Since naltrexone is a nonspecific opioid antagonist, naltrexone may act at different receptors during the processes of acquisition (learning) and consolidation, offering a plausible explanation for the results from Experiments 2 and 3. For example, naltrexone may have blocked active κ receptors during the learning process, thus naltrexone-paired pups did not show conditioned behavioral activation as did the saline controls. Also, when given naltrexone after acquisition (using the example κ receptors were unaffected during the training), naltrexone may have then affected conditioned μ receptors during the process of consolidation of an odor preference. If μ receptors are involved in consolidating the memory of a stimulus as being rewarding, then blocking these receptors during consolidation would affect the number of choices made towards the odor when tested. If blocking these receptors during consolidation alters cellular activity in reward or aversion areas, the consolidation could be altered from a preference to aversion.

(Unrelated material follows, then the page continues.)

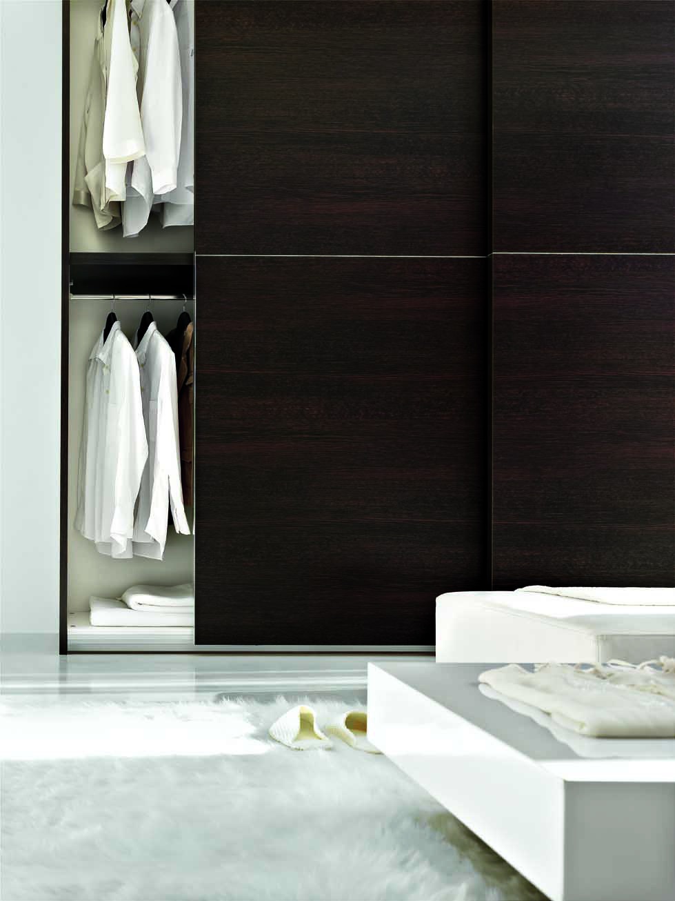 Wardrobe from the Italian manufacturer Santa Lucia. The modern model with sliding doors. The profile is made of chromed metal. The frame is solid wood. Finish offered a choice from a range of companies. The model will perfectly fit any interior.

Further evidence for this interpretation was shown by Carr, Kutchukhidze, and Park (1999); systemic injections of naltrexone in adults induced c-fos immunoreactivity, which indicates increased cellular activity, in the extended amygdala. These areas—bed nucleus of the stria terminalis (BSTLD), nucleus accumbens shell (NACshell), and the central nucleus of the amygdala (ceA) —mediate motivation and reward. Carr et al. (1999) also showed that κ receptor blockade is responsible for the immunoreactivity in the BSTLD and CeA while μ receptor blockade is responsible for the increased activity in the NACshell. They concluded that the CeA might be under inhibitory control of both μ and κ receptors. These results suggest that blockade of receptors in particular areas of the reward pathway is responsible for our results. Cellular activation by naltrexone may alter perception of stimuli, which Park and Carr (1998) hypothesized to account for aversion and even suppression of the positive responses towards stimuli. Blocking κ receptors is not aversive (Carr, Papadouka, & Wolinsky, 1993; Leventhal, Kirkham, Cole, & Bodnar, 1995), thus if κ receptors participate in acquisition, this may explain why pups demonstrated neither an aversion nor preference in Experiment 2. If blockade of μ receptors is aversive (Shippenberg, 1993), and these receptors are involved in the consolidation of a conditioned odor preference, then this may explain why subjects demonstrated an aversion in Experiment 3; naltrexone altered opioid secretion in areas necessary for reward, thus altering the perception of the conditioned stimulus. Taken together, our results as well as results from the aforementioned studies suggest that odor conditioning involves several opioid receptors, and how and when developmentally they are altered may offer insight into the role of this neurotransmitter system in mother–infant attachment.